─── Records for the task

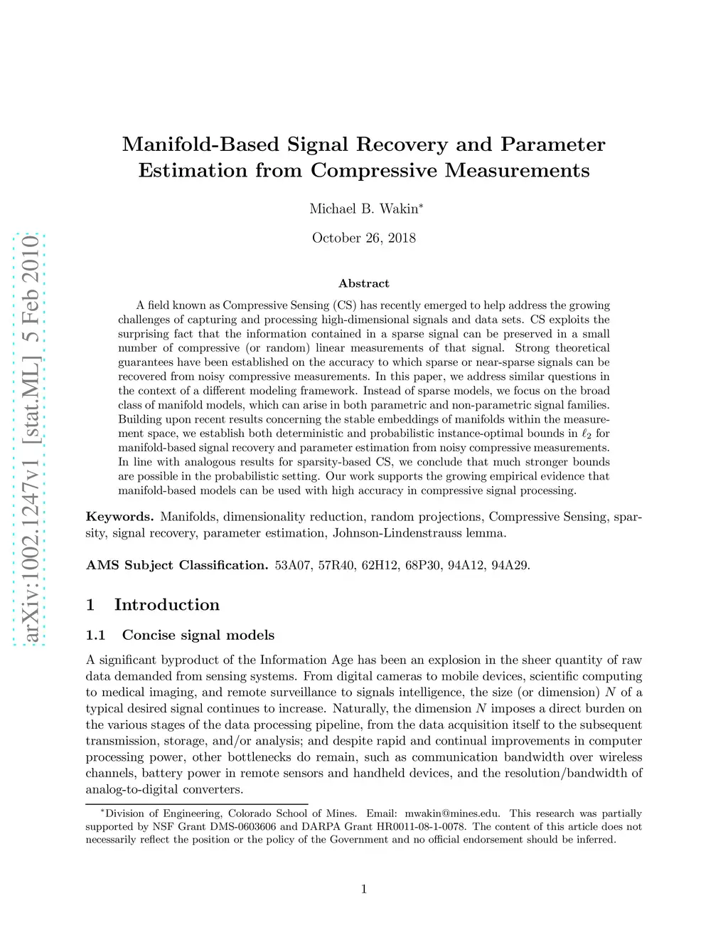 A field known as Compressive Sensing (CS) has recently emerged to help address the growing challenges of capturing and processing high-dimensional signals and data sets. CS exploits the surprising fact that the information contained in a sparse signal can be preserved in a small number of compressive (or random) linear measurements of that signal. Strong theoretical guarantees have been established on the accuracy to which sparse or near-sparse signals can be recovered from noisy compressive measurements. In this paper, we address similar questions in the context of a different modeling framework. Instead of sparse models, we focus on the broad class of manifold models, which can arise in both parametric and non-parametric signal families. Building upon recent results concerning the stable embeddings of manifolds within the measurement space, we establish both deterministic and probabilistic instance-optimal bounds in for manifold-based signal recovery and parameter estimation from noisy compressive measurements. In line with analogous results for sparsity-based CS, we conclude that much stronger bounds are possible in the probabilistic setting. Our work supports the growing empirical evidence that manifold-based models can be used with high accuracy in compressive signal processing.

──────
─── Records for the task

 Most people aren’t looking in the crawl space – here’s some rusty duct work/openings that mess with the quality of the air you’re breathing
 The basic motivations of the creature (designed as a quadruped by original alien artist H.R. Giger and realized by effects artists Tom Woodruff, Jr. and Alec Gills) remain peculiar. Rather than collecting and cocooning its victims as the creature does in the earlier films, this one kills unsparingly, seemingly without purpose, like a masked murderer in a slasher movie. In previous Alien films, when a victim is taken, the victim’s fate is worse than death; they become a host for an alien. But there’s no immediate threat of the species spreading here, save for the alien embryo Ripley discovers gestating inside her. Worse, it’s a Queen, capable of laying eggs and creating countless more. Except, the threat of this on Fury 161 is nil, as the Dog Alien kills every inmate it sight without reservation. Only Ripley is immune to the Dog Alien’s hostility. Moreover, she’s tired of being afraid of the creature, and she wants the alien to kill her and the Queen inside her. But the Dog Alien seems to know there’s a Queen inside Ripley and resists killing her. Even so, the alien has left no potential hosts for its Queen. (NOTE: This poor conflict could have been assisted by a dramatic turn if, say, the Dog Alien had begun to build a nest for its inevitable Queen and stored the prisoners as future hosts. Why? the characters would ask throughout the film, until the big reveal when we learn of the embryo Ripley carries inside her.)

──────
─── Records for the task

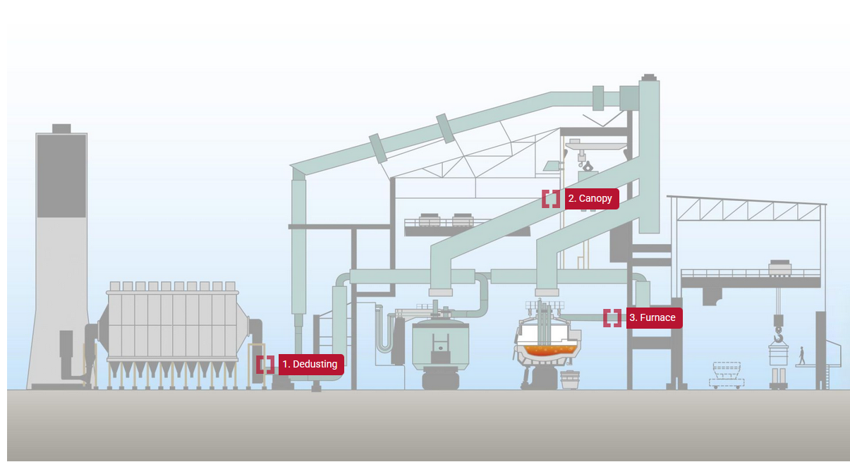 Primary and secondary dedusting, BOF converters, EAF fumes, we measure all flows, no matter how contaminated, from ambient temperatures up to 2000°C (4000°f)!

──────

## Exercise goal
Of the lines above, copy each that contains "here".

## Answer space
 Most people aren’t looking in the crawl space – here’s some rusty duct work/openings that mess with the quality of the air you’re breathing
 The basic motivations of the creature (designed as a quadruped by original alien artist H.R. Giger and realized by effects artists Tom Woodruff, Jr. and Alec Gills) remain peculiar. Rather than collecting and cocooning its victims as the creature does in the earlier films, this one kills unsparingly, seemingly without purpose, like a masked murderer in a slasher movie. In previous Alien films, when a victim is taken, the victim’s fate is worse than death; they become a host for an alien. But there’s no immediate threat of the species spreading here, save for the alien embryo Ripley discovers gestating inside her. Worse, it’s a Queen, capable of laying eggs and creating countless more. Except, the threat of this on Fury 161 is nil, as the Dog Alien kills every inmate it sight without reservation. Only Ripley is immune to the Dog Alien’s hostility. Moreover, she’s tired of being afraid of the creature, and she wants the alien to kill her and the Queen inside her. But the Dog Alien seems to know there’s a Queen inside Ripley and resists killing her. Even so, the alien has left no potential hosts for its Queen. (NOTE: This poor conflict could have been assisted by a dramatic turn if, say, the Dog Alien had begun to build a nest for its inevitable Queen and stored the prisoners as future hosts. Why? the characters would ask throughout the film, until the big reveal when we learn of the embryo Ripley carries inside her.)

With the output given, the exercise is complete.